Daniel is silent for so long I think he’s asleep. ‘Perhaps there’s going to be fighting,’ he says at last. ‘I don’t care. Like I said, I’d rather stay here and die than pretend she’s my mother.’

‘If she can show us where to go, what does it matter what you’re forced to say?’ I demand. ‘What does one more lie matter?’ He doesn’t answer. ‘Say she’s your wicked
step
mother, then. Could you do that?’

He sniffs. ‘Maybe …’

‘You must. We’re not staying here, and we’re not dying.’

‘But my mother –’ There’s a catch in his voice.

‘Don’t.’ We promised to stay silent about these things until it was over. ‘Look, you never had a stepmother so it doesn’t matter if you pretend. Anyway, Agnieszka, or whatever her real name is, won’t fool anybody for long. With that great big bottom of hers who will believe she’s ever gone hungry?’

‘Ugly fat cow.
Dziewka. Suka. Kurwa
.’ He recites his entire stock of bad words, his voice slowing and fading as he runs out of steam.

‘And you’ll say she’s your –’ But now Daniel really is asleep, his stomach gurgling with surprise at finding itself full. When I can’t stay awake any longer, I dream I’m back in Ravensbrück, inside the infirmary, running down endless white corridors calling for Papa. And here’s Agnieszka. The witch emerges from doors to the right and to the left, her hands bloody, clutching pieces of raw flesh or whole legs that are sometimes feathered, sometimes still with shoes attached.

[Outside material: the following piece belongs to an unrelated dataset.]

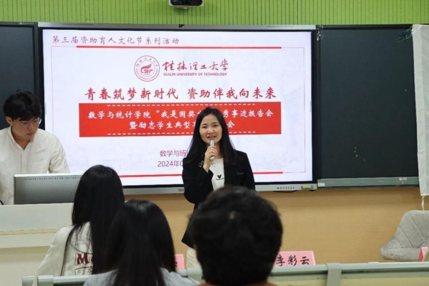 为了弘扬自强不息的民族精神,充分展现我院学生直面生活困难、勇于担当、奋勇争先的风采,激励广大受助学生奋发自强、立志成才、诚实守信、感恩奉献。2024年4月23日,数学与统计学院扬帆社于06401教室开展了2024年凌雁工程——“我是国奖生”优秀事迹报告会暨励志学生典型事迹宣讲会。学院扬帆社指导老师及受助学生参加本次活动。

This morning I hardly recognize the witch. Instead of her nurse’s uniform, she’s wearing a striped dress like mine, but better fitting and a lot cleaner, though there’s still blood under her nails from yesterday’s massacre. Half her hair has gone and she’s frantically chopping off the rest even as she yells at us to get up.

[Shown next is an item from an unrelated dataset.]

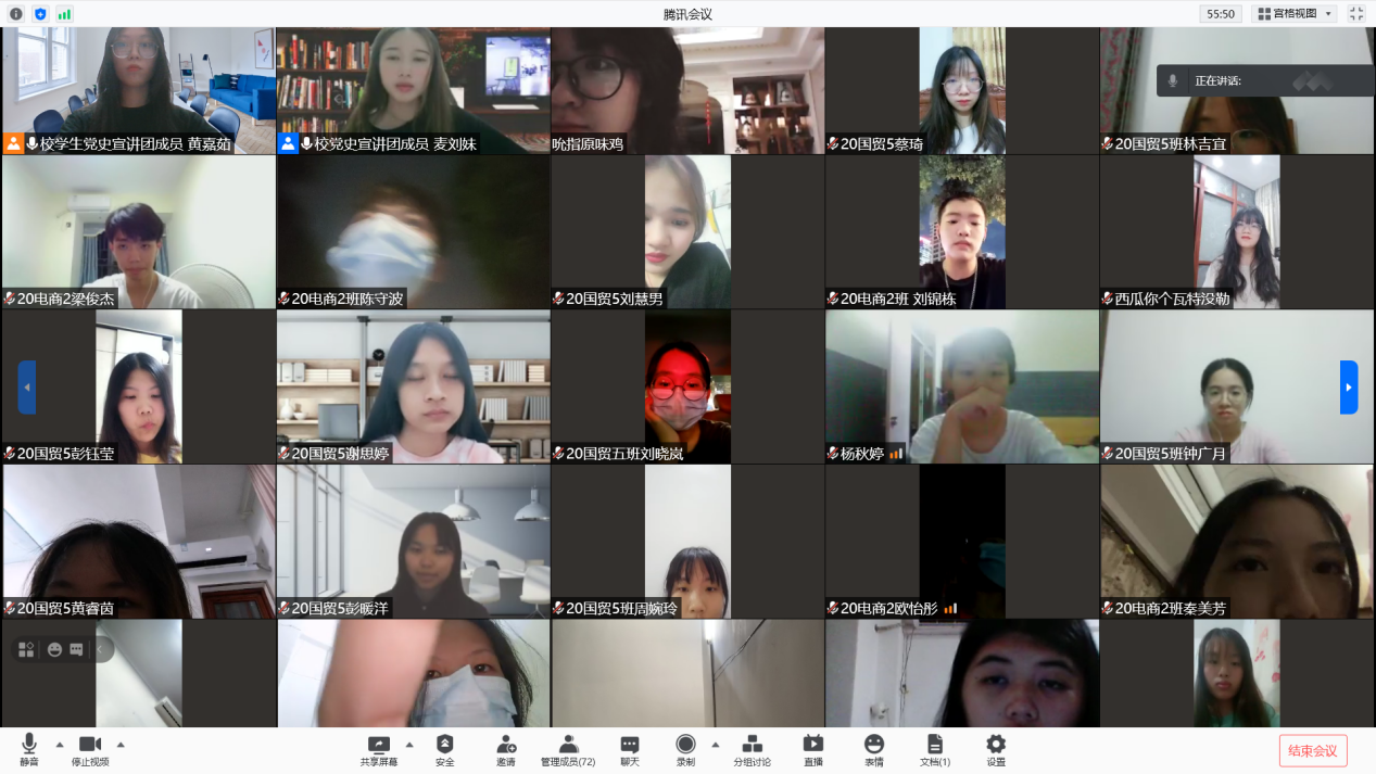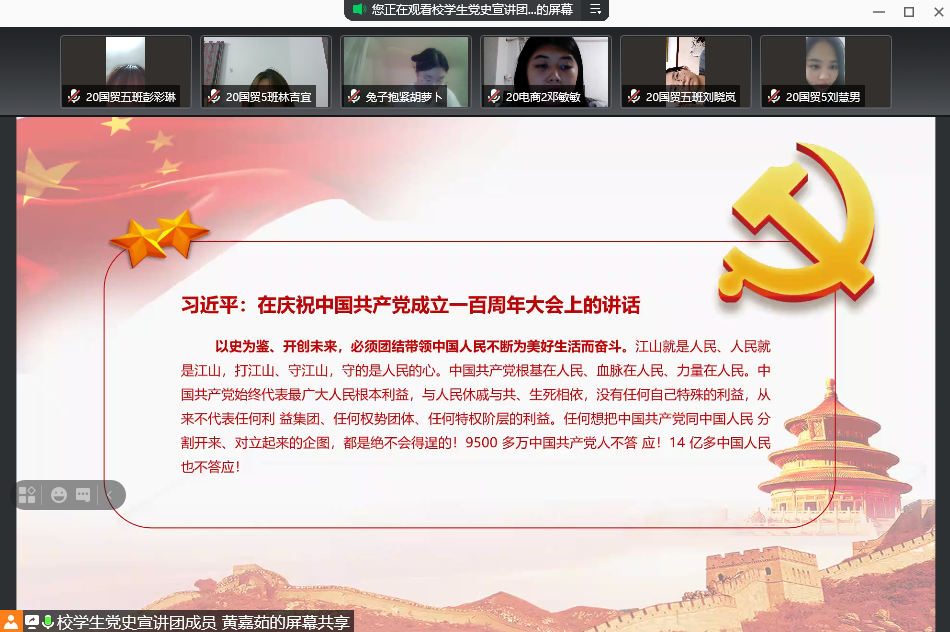 为了学习贯彻习近平总书记在庆祝中国共产党成立100周年大会上的重要讲话精神,立足中国共产党百年华诞的重大时刻和“两个一百年”历史交汇的关键节点。8月31日晚,100%精准出码规律资料网站学生党史宣讲团成员黄嘉茹同志给20电商2班团支部和20国贸5班团支部开展了线上党史专题宣讲,宣讲通过腾讯会议的方式,以“团结统一,众志成城”为主题,带领学生们共同回顾党史小片段以及学习习近平总书记在建党100周年大会上的重要讲话精神。

‘He’s fixed the bloody thing. Even now he’s putting it back together. This is our last chance. They’ll be going soon.’

‘Who has?’ I ask, still fighting free of my nightmare. ‘Who’s mended what?’ Daniel jumps up without a word and lurches towards the door. He’s holding his stomach with one hand and covering his mouth with the other. ‘What’s the matter?’ Agnieszka stops me from following him. ‘Let go!’ I shriek. ‘I need to find out what’s wrong –’

‘It’s only gut ache. Everything out, both ends, I dare say. That’s what happens when you guzzle food after being kept on a simple diet.’

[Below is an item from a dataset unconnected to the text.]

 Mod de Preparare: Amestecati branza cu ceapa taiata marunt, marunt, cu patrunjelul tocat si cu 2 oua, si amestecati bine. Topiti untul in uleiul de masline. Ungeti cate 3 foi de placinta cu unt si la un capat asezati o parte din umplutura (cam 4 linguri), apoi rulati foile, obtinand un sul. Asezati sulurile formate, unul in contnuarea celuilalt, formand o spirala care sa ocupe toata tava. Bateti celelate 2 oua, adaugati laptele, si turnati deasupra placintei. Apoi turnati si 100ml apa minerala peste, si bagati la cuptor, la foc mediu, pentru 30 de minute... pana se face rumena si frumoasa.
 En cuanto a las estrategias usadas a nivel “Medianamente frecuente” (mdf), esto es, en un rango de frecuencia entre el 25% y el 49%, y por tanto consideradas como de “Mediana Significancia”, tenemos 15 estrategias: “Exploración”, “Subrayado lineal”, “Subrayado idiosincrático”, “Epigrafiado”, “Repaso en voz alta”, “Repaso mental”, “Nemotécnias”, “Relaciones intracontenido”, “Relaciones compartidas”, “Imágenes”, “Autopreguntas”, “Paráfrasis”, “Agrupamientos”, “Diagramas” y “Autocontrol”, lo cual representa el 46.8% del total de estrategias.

‘Why didn’t you stop him?’

‘That’s what they’re like, these
Kreaturen –
worse than animals. No self-restraint.’ The witch shrugs and goes on cutting her hair. ‘
Judenscheisse
. Who would have thought I’d be relying on one to save my bacon?’ She laughs, as if at some private joke, then grows sober. ‘Still, in a tight spot, needs must.’ I bite my tongue and watch the locks slide down her back like evil yellow snakes. ‘We’ll be off in a minute,’ she says. ‘This won’t take long.’

‘But where are we going?’ I force a smile. Never trust a witch, but if you want to get the better of them, it’s best to pretend you’re their friend.

‘To the bus, of course.’ Agnieszka puts away the scissors, shakes her head and runs her fingers through the uneven tufts of black. ‘That feels wonderful: quite liberating. I really don’t know what all the fuss was about. Vanity, I suppose. Now, where’s that boy?’

‘What bus?’ I demand, following her out of the shed. ‘I don’t understand. And where is it?’

‘By the lake – it’s not far. Come along, Benjamin.’ She jerks her head at Daniel, who’s crouching by the rhubarb. ‘We follow the drive down to the road and head for the village. The bus is well-hidden – set back, among the trees, plenty of cover – that’s how I was able to keep watch on them. I’ll show you.’